═════ Exercise data ═════

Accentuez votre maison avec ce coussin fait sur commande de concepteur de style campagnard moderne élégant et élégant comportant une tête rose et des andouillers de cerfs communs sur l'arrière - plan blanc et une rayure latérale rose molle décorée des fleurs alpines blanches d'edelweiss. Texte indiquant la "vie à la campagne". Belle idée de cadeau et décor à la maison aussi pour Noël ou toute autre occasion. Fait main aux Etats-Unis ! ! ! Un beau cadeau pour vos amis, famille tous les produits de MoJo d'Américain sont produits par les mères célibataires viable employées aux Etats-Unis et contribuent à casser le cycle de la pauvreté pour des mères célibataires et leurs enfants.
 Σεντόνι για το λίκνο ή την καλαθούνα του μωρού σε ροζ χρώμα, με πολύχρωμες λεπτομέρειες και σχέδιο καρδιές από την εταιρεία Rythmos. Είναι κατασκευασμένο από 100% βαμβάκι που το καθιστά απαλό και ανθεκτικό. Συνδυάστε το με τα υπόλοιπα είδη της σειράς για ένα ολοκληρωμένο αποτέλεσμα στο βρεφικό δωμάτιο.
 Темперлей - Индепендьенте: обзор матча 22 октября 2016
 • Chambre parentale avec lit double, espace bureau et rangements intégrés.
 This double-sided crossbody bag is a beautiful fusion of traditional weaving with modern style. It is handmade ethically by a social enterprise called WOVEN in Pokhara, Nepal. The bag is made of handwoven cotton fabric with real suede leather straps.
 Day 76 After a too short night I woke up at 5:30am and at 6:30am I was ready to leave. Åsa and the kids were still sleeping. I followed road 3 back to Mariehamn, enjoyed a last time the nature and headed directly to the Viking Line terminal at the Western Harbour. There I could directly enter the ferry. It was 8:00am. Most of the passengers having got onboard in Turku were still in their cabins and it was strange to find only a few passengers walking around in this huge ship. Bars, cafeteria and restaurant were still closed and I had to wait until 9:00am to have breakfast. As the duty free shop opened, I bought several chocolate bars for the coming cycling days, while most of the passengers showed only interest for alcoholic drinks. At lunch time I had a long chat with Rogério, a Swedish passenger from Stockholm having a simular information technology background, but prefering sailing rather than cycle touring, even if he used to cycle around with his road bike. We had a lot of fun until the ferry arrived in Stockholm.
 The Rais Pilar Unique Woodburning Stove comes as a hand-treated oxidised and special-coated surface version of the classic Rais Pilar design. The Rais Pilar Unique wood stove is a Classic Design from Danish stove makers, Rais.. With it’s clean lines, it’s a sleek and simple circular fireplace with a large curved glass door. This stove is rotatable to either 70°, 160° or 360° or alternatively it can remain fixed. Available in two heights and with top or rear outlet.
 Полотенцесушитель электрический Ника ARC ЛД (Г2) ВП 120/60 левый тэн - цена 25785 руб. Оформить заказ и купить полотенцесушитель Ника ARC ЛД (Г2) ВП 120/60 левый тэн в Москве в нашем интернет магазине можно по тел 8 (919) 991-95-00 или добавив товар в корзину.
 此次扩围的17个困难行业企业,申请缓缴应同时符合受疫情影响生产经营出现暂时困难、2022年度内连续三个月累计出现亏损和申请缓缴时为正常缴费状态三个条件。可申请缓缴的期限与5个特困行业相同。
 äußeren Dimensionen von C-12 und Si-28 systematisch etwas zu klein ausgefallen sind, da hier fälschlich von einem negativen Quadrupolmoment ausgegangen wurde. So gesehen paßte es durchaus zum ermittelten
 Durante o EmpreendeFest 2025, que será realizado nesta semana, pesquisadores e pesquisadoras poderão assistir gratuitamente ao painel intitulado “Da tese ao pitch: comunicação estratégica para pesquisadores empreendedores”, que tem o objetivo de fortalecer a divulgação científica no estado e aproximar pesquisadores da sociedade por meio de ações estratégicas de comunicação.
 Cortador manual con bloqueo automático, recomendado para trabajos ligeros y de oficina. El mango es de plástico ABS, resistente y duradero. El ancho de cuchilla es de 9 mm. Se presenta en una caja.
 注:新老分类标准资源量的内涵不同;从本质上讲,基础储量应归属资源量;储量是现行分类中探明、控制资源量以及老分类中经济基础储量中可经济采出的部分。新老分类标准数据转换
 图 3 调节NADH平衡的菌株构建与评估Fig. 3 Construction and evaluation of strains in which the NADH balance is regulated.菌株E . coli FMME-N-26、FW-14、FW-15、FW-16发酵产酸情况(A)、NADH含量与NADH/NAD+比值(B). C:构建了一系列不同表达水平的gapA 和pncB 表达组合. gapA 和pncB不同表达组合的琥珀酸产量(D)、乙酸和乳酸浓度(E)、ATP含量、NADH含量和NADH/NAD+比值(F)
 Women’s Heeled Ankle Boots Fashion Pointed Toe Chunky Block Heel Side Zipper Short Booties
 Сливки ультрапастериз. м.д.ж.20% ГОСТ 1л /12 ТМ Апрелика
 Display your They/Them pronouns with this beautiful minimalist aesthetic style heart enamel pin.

═════

Exercise requirements:
Write all the data out again, word for word.

Answer box:
Accentuez votre maison avec ce coussin fait sur commande de concepteur de style campagnard moderne élégant et élégant comportant une tête rose et des andouillers de cerfs communs sur l'arrière - plan blanc et une rayure latérale rose molle décorée des fleurs alpines blanches d'edelweiss. Texte indiquant la "vie à la campagne". Belle idée de cadeau et décor à la maison aussi pour Noël ou toute autre occasion. Fait main aux Etats-Unis ! ! ! Un beau cadeau pour vos amis, famille tous les produits de MoJo d'Américain sont produits par les mères célibataires viable employées aux Etats-Unis et contribuent à casser le cycle de la pauvreté pour des mères célibataires et leurs enfants.
 Σεντόνι για το λίκνο ή την καλαθούνα του μωρού σε ροζ χρώμα, με πολύχρωμες λεπτομέρειες και σχέδιο καρδιές από την εταιρεία Rythmos. Είναι κατασκευασμένο από 100% βαμβάκι που το καθιστά απαλό και ανθεκτικό. Συνδυάστε το με τα υπόλοιπα είδη της σειράς για ένα ολοκληρωμένο αποτέλεσμα στο βρεφικό δωμάτιο.
 Темперлей - Индепендьенте: обзор матча 22 октября 2016
 • Chambre parentale avec lit double, espace bureau et rangements intégrés.
 This double-sided crossbody bag is a beautiful fusion of traditional weaving with modern style. It is handmade ethically by a social enterprise called WOVEN in Pokhara, Nepal. The bag is made of handwoven cotton fabric with real suede leather straps.
 Day 76 After a too short night I woke up at 5:30am and at 6:30am I was ready to leave. Åsa and the kids were still sleeping. I followed road 3 back to Mariehamn, enjoyed a last time the nature and headed directly to the Viking Line terminal at the Western Harbour. There I could directly enter the ferry. It was 8:00am. Most of the passengers having got onboard in Turku were still in their cabins and it was strange to find only a few passengers walking around in this huge ship. Bars, cafeteria and restaurant were still closed and I had to wait until 9:00am to have breakfast. As the duty free shop opened, I bought several chocolate bars for the coming cycling days, while most of the passengers showed only interest for alcoholic drinks. At lunch time I had a long chat with Rogério, a Swedish passenger from Stockholm having a simular information technology background, but prefering sailing rather than cycle touring, even if he used to cycle around with his road bike. We had a lot of fun until the ferry arrived in Stockholm.
 The Rais Pilar Unique Woodburning Stove comes as a hand-treated oxidised and special-coated surface version of the classic Rais Pilar design. The Rais Pilar Unique wood stove is a Classic Design from Danish stove makers, Rais.. With it’s clean lines, it’s a sleek and simple circular fireplace with a large curved glass door. This stove is rotatable to either 70°, 160° or 360° or alternatively it can remain fixed. Available in two heights and with top or rear outlet.
 Полотенцесушитель электрический Ника ARC ЛД (Г2) ВП 120/60 левый тэн - цена 25785 руб. Оформить заказ и купить полотенцесушитель Ника ARC ЛД (Г2) ВП 120/60 левый тэн в Москве в нашем интернет магазине можно по тел 8 (919) 991-95-00 или добавив товар в корзину.
 此次扩围的17个困难行业企业,申请缓缴应同时符合受疫情影响生产经营出现暂时困难、2022年度内连续三个月累计出现亏损和申请缓缴时为正常缴费状态三个条件。可申请缓缴的期限与5个特困行业相同。
 äußeren Dimensionen von C-12 und Si-28 systematisch etwas zu klein ausgefallen sind, da hier fälschlich von einem negativen Quadrupolmoment ausgegangen wurde. So gesehen paßte es durchaus zum ermittelten
 Durante o EmpreendeFest 2025, que será realizado nesta semana, pesquisadores e pesquisadoras poderão assistir gratuitamente ao painel intitulado “Da tese ao pitch: comunicação estratégica para pesquisadores empreendedores”, que tem o objetivo de fortalecer a divulgação científica no estado e aproximar pesquisadores da sociedade por meio de ações estratégicas de comunicação.
 Cortador manual con bloqueo automático, recomendado para trabajos ligeros y de oficina. El mango es de plástico ABS, resistente y duradero. El ancho de cuchilla es de 9 mm. Se presenta en una caja.
 注:新老分类标准资源量的内涵不同;从本质上讲,基础储量应归属资源量;储量是现行分类中探明、控制资源量以及老分类中经济基础储量中可经济采出的部分。新老分类标准数据转换
 图 3 调节NADH平衡的菌株构建与评估Fig. 3 Construction and evaluation of strains in which the NADH balance is regulated.菌株E . coli FMME-N-26、FW-14、FW-15、FW-16发酵产酸情况(A)、NADH含量与NADH/NAD+比值(B). C:构建了一系列不同表达水平的gapA 和pncB 表达组合. gapA 和pncB不同表达组合的琥珀酸产量(D)、乙酸和乳酸浓度(E)、ATP含量、NADH含量和NADH/NAD+比值(F)
 Women’s Heeled Ankle Boots Fashion Pointed Toe Chunky Block Heel Side Zipper Short Booties
 Сливки ультрапастериз. м.д.ж.20% ГОСТ 1л /12 ТМ Апрелика
 Display your They/Them pronouns with this beautiful minimalist aesthetic style heart enamel pin.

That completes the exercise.